I have done a LOT of searching, and as far as I can find fabuloustreet.com is the only USA distributor for Nfu Oh.  Really, if you consider that these are an import, the prices aren't bad.  They also have a pretty good package deal that they switch up once in awhile where you get five or six polishes and a base/top coat and cuticle oil or something like that for a reduced price.  Also, they have free shipping for all US orders!


----------



## ksaelee (Aug 1, 2009)

^^^ thank you...i did not read about affinity closely LOL....


----------



## littlepickle (Apr 9, 2010)

I'm from New Zealand and I've never seen them here


----------



## broken_soul (Apr 9, 2010)

fabulousstreet.com is the only place I know that sells Nfu-Oh polish.

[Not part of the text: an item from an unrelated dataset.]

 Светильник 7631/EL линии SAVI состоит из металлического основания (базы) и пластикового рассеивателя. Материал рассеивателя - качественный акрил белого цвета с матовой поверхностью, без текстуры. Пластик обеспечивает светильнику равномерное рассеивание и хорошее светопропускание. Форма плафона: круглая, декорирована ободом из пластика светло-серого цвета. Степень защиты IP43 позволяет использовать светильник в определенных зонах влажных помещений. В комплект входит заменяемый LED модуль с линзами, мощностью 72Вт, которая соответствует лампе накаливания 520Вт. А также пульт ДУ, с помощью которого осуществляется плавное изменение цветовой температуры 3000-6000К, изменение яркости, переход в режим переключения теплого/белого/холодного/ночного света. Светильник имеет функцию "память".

They're having a sale right now too. I think it's all of April. The customer service is great there too and they ship fast. I've ordered about 4 times. LOL


----------



## bebs (Apr 13, 2010)

I love jocelyn on fabulous street she is the sweetest and one of the nicest owners I've ever found for an e-store, super fast shipping normally within 24 hours (I normally get it within one or two days, I also live within the same state as sent out from which is another reason for it) and will help you with anything you ask her to within a timely manor to boot!!!

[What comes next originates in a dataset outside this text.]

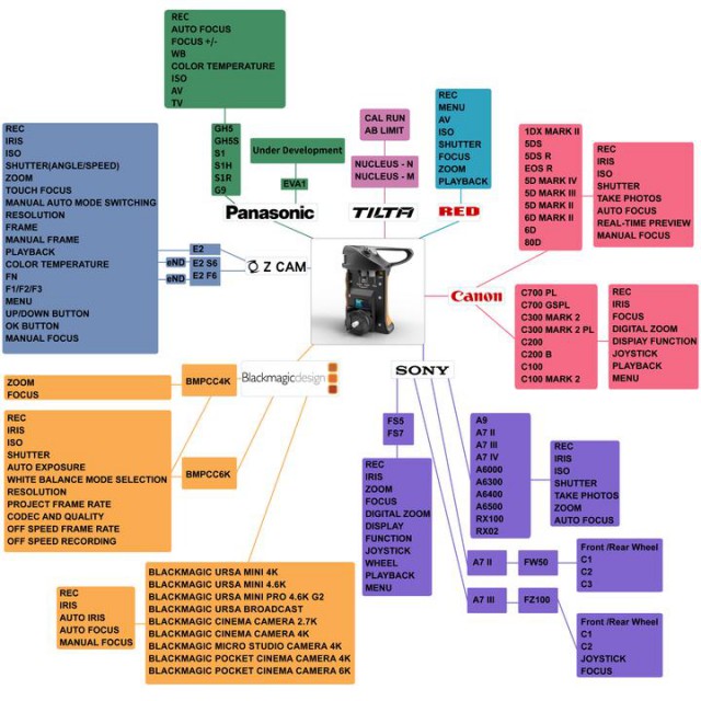 pre modely 1Dx Mark II, 5Ds, 5Ds R, EOS R, 5D Mark IV, 5D Mark III, 5D Mark II, 6D Mark II, 6D a 80D podporuje nahrávanie/fotografovanie, clonu, ISO, uzávierku, AF, náhľad v reálnom čase a MF.Pre fotoaparáty C700 PL, C700 GSPL, C300 Mark 2, C300 Mark 2 PL, C200, C200 B, C100 a C100 Mark 2 to zahŕňa funkcie záznamu uzávierky, clony, zaostrovania, digitálneho zoomu, displeja/joysticku a prehrávania.

I have nothing but love for the polishes I own (about 30 of them) and will keep buying more from her


----------



## greengoesmoo (Apr 14, 2010)

Anybody got any idea about a retailer for these in the UK? I have looked previously and to no avail.


----------



## Jessie May (Apr 15, 2010)

Quote:

   Originally Posted by *littlepickle* 

 
_I'm from New Zealand and I've never seen them here 
	

	
	
		
		

		
		
	


	


_

 
Me too! I would love to know where to find them?


----------



## Nicnivin (Sep 20, 2010)

*Nfu.Oh??*

I saw a color I must have but can't seem to find any online US retailer. 
	

	
	
		
		

		
		
	


	




 Does anyone know how to get Nfu.Oh polishes in the US? Thanks!


----------



## Cydonian (Sep 20, 2010)

*Re: Nfu.Oh??*

I believe this is one of the only US retailers =/

Fabuloustreet.com, From Professional Acrylic system to the fabulous nail polishes, Nfu Oh offers superior quality to all.


----------



## kaliraksha (Sep 20, 2010)

*Re: Nfu.Oh??*

There is this thread with some info:

http://www.specktra.net/forum/f176/w...polish-140520/

But maybe new places have popped up because this one led us to the same conclusion to buy on Fabuloustreet.


----------



## Daph_ (Sep 21, 2010)

I know of a couple of places to buy Nfu Oh polishes, but some etailers won't ship to certain countries. I have no idea who ships to where, so please check this out for yourself!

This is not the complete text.